On 04/13/2012 01:03 PM, Dan Scott wrote:
> Thanks for the quick response.
>
> Simo: Thanks - I'd prefer to clean it up properly rather than start
> from scratch. I haven't changed the LDAP schema at all. All I've done
> is the use the IPA tools for user admin and add/remove replicas.
>
> I just felt like I've been emailing this list once a week or so for
> the past few months - I was beginning to think that it was beyond
> repair! :)
>
> On Fri, Apr 13, 2012 at 14:38, Rich Megginson<rmeggins at redhat.com>  wrote:
>> On 04/13/2012 12:22 PM, Dan Scott wrote:
>>> On Fri, Apr 13, 2012 at 13:43, Rich Megginson<rmeggins at redhat.com>    wrote:
>>>> On 04/13/2012 11:39 AM, Dan Scott wrote:
>>>>> I'm convinced that my LDAP directories contain lots of cruft which has
>>>>> built up and is causing problems on my system. There may even be some
>>>>> corruption since there's an entry which I'm unable to remove - this
>>>>> entry does not get replicated to the other servers.
>>>>
>>>> What version of 389-ds-base is this?  Do you get any errors?  It just
>>>> silently fails to delete this particular entry?

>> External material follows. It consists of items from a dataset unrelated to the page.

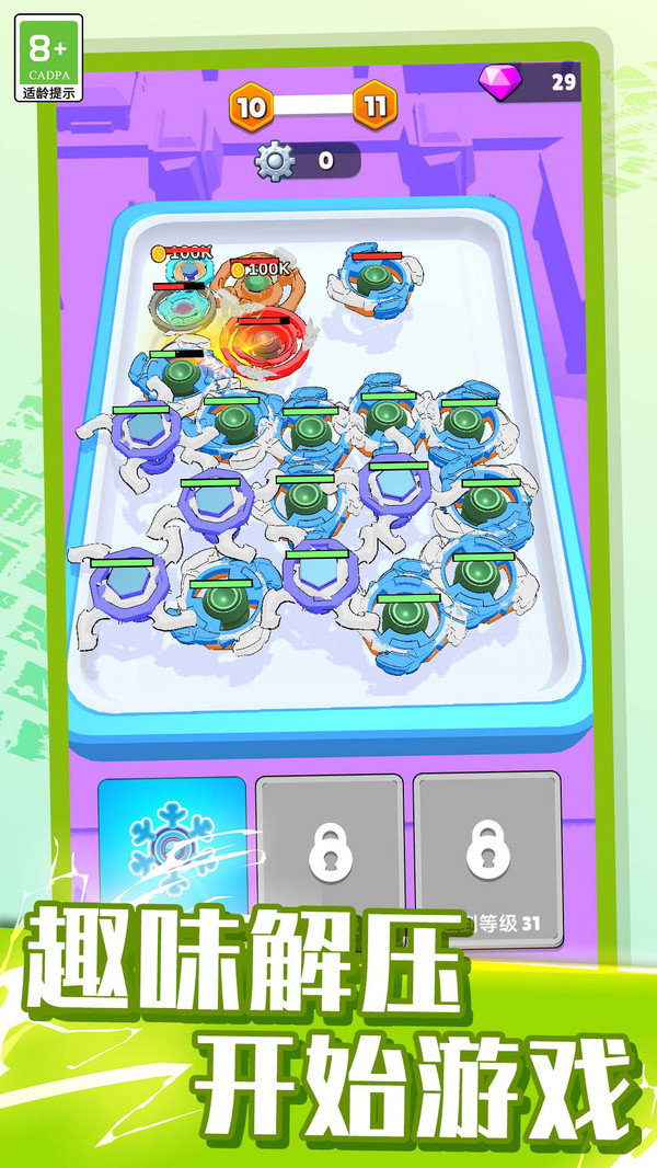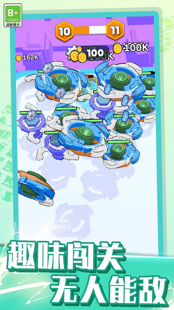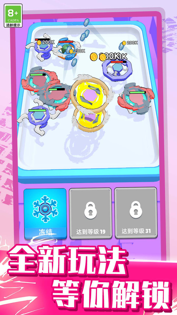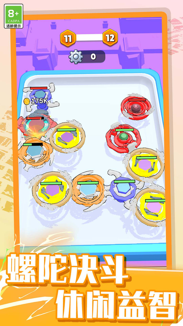 2.精准反应:在陀螺高速旋转的过程中进行操作,反应速度与精准度决定了合成效率,考验玩家的专注力与手眼协调能力。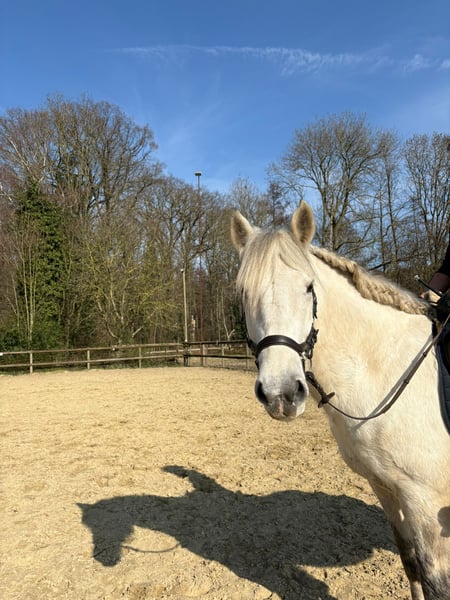 Heaven – a gentle, versatile mare seeking her forever home Heaven is a calm, well-balanced mare with a sensitive and honest character. She is looking for a confident, intuitive rider who enjoys a true partnership with their horse. Once Heaven has gained trust, she proves to be motivated, eager to work, and very reliable. She is not suitable for beginners but impresses with her rideability and pleasant demeanor. Training Heaven has been trained in various disciplines and possesses a solid foundation: - Dressage work with leg-yields and traverses - Short reining and flying changes - Cavaletti work and small jumps - Comfortable to ride even without a saddle - Motivated during ground work Trail Riding In the field, she remains calm and relaxed but also enjoys a lively group canter. Character In daily handling, Heaven is friendly and relaxed. Like many mares, she knows exactly what she wants – especially cuddling sessions and treats are highly appreciated. Stabling Currently, Heaven lives in a paddock with a small herd of two Shetland ponies and is well socialized. She is familiar with both pasture and box stall keeping, with regular turnout. Health - No eczema - Regularly vaccinated and dewormed - Barefoot - Well-behaved at the blacksmith - Has not been ill in recent years For Heaven, we are looking for a loving forever home where she can continue to thrive and be appreciated. Dealers and riding schools are excluded.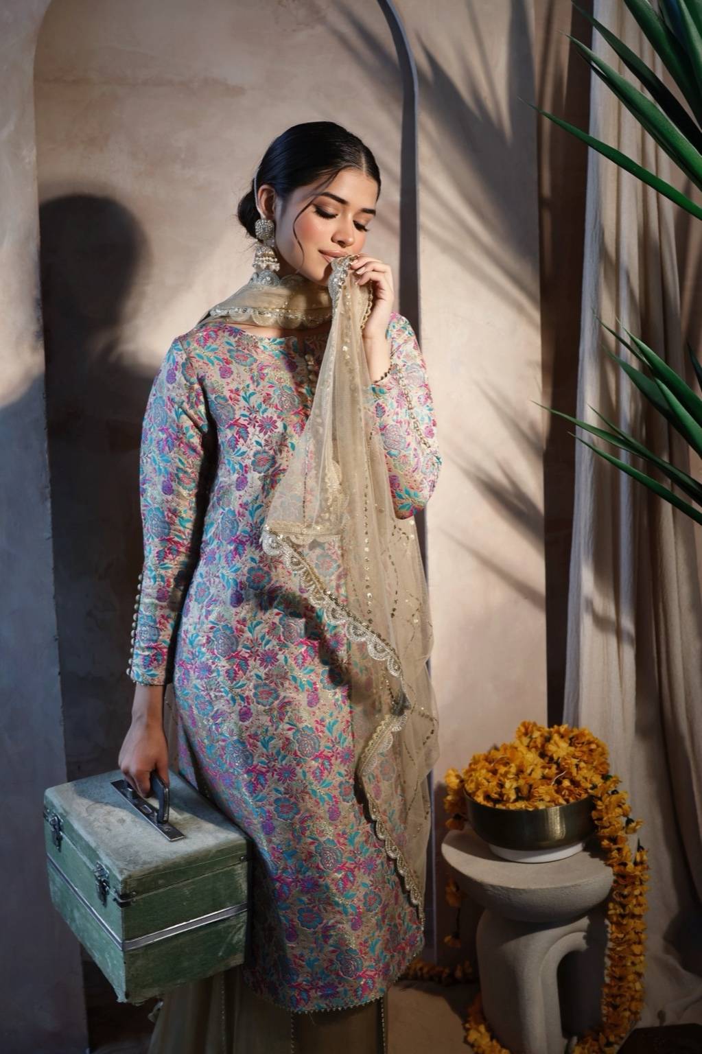 - Banarsi kameez with lavender print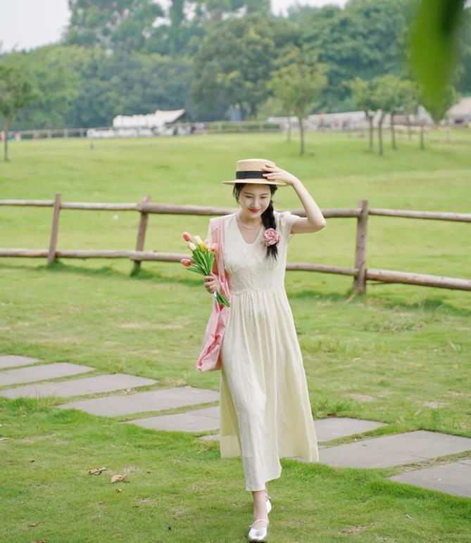 森系文藝的氧氣感穿搭,一整套給人的感覺是那麼清新又唯美,自帶浪漫氣息的連衣裙,加上一雙瑪麗珍單鞋,真的很不失溫柔氣質。低飽和度的顏色,淺淺的,讓你看起來很清爽乾淨。

>>> [root at fileserver1 ~]# rpm -qa|grep 389
>>> 389-ds-base-libs-1.2.10.4-2.fc16.x86_64
>>> 389-ds-base-1.2.10.4-2.fc16.x86_64
>>> [root at fileserver1 ~]#ldapmodify -f rmfileserver5.ldif -D 'cn=directory
>>> manager' -W
>>> Enter LDAP Password:
>>> deleting entry
>>> "cn=fileserver5.ecg.mit.edu,cn=masters,cn=ipa,cn=etc,dc=ecg,dc=mit,dc=edu"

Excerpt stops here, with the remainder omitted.